- **Records for the task**:
———

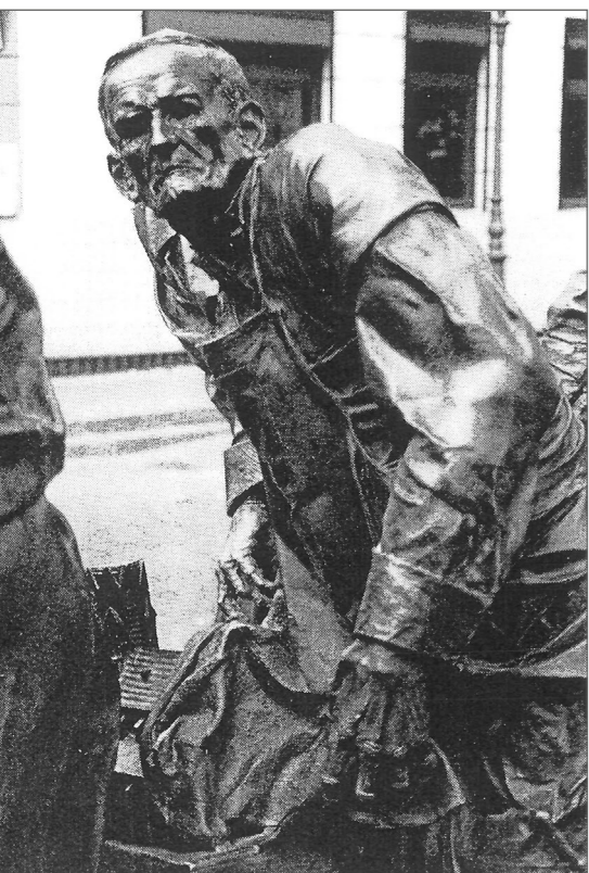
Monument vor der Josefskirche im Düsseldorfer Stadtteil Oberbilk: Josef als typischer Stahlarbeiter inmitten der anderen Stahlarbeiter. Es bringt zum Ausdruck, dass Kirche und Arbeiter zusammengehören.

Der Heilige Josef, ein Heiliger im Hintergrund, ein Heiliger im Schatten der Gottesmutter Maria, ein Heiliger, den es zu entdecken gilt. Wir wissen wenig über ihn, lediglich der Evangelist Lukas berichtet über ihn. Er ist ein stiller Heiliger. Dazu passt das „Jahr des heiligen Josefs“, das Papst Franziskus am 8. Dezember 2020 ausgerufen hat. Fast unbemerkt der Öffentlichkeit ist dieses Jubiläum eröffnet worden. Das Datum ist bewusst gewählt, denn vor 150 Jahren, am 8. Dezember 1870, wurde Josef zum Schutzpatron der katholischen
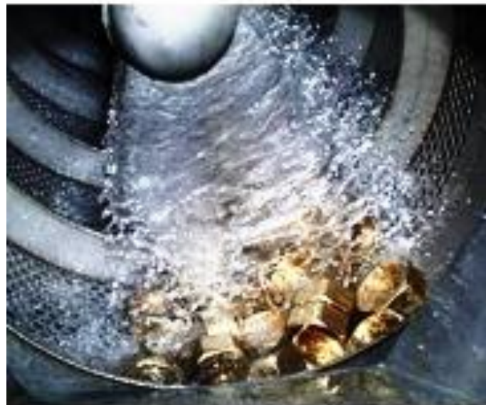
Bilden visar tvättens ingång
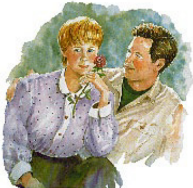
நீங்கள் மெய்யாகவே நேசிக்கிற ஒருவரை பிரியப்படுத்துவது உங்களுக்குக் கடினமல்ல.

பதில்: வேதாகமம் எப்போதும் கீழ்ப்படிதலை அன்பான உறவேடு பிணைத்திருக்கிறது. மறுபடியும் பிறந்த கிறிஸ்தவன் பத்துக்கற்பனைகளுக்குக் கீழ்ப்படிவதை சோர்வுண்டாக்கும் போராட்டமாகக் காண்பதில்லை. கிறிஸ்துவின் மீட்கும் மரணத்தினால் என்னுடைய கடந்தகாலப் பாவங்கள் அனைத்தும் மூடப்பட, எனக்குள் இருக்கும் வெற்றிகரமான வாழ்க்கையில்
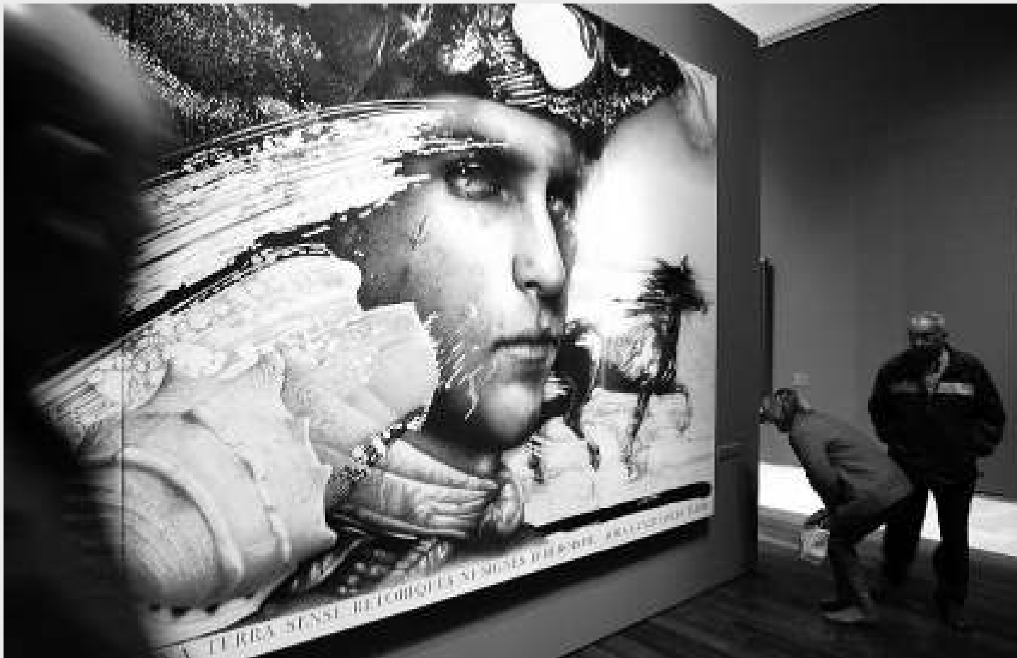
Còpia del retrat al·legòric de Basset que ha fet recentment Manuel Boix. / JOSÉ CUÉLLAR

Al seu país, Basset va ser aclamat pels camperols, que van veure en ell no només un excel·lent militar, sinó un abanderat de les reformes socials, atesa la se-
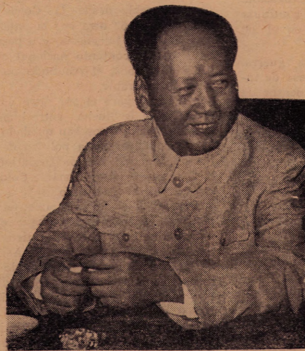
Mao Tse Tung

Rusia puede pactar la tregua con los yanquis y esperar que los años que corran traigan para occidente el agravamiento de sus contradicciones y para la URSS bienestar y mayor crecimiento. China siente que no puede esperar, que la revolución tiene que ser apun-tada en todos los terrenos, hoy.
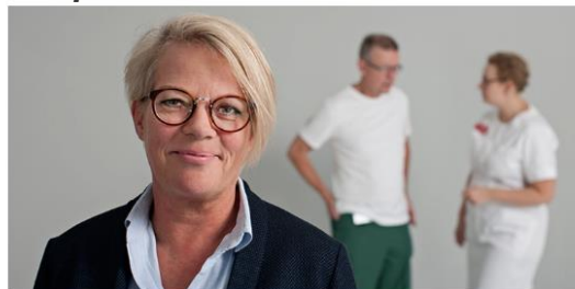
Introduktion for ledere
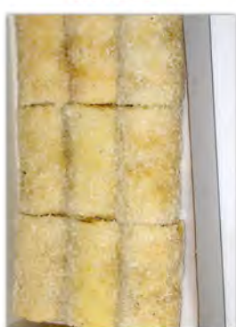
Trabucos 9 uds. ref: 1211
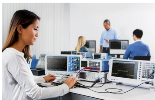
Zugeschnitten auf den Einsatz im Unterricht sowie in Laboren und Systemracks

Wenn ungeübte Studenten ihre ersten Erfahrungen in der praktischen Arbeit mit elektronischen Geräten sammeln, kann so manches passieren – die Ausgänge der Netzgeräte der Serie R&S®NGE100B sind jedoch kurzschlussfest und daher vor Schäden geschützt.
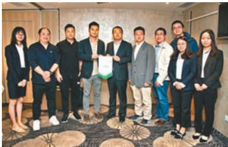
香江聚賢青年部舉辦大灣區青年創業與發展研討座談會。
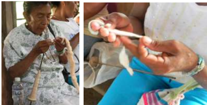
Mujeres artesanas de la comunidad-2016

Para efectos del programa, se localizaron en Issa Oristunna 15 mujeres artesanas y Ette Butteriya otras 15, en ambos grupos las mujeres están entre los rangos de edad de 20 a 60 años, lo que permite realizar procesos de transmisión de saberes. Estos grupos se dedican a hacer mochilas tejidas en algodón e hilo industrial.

———

- **Exercise goal**:
When the word "años" shows up in a line of the entries, report that line.

- **Answer section**:
Rusia puede pactar la tregua con los yanquis y esperar que los años que corran traigan para occidente el agravamiento de sus contradicciones y para la URSS bienestar y mayor crecimiento. China siente que no puede esperar, que la revolución tiene que ser apun-tada en todos los terrenos, hoy.
Para efectos del programa, se localizaron en Issa Oristunna 15 mujeres artesanas y Ette Butteriya otras 15, en ambos grupos las mujeres están entre los rangos de edad de 20 a 60 años, lo que permite realizar procesos de transmisión de saberes. Estos grupos se dedican a hacer mochilas tejidas en algodón e hilo industrial.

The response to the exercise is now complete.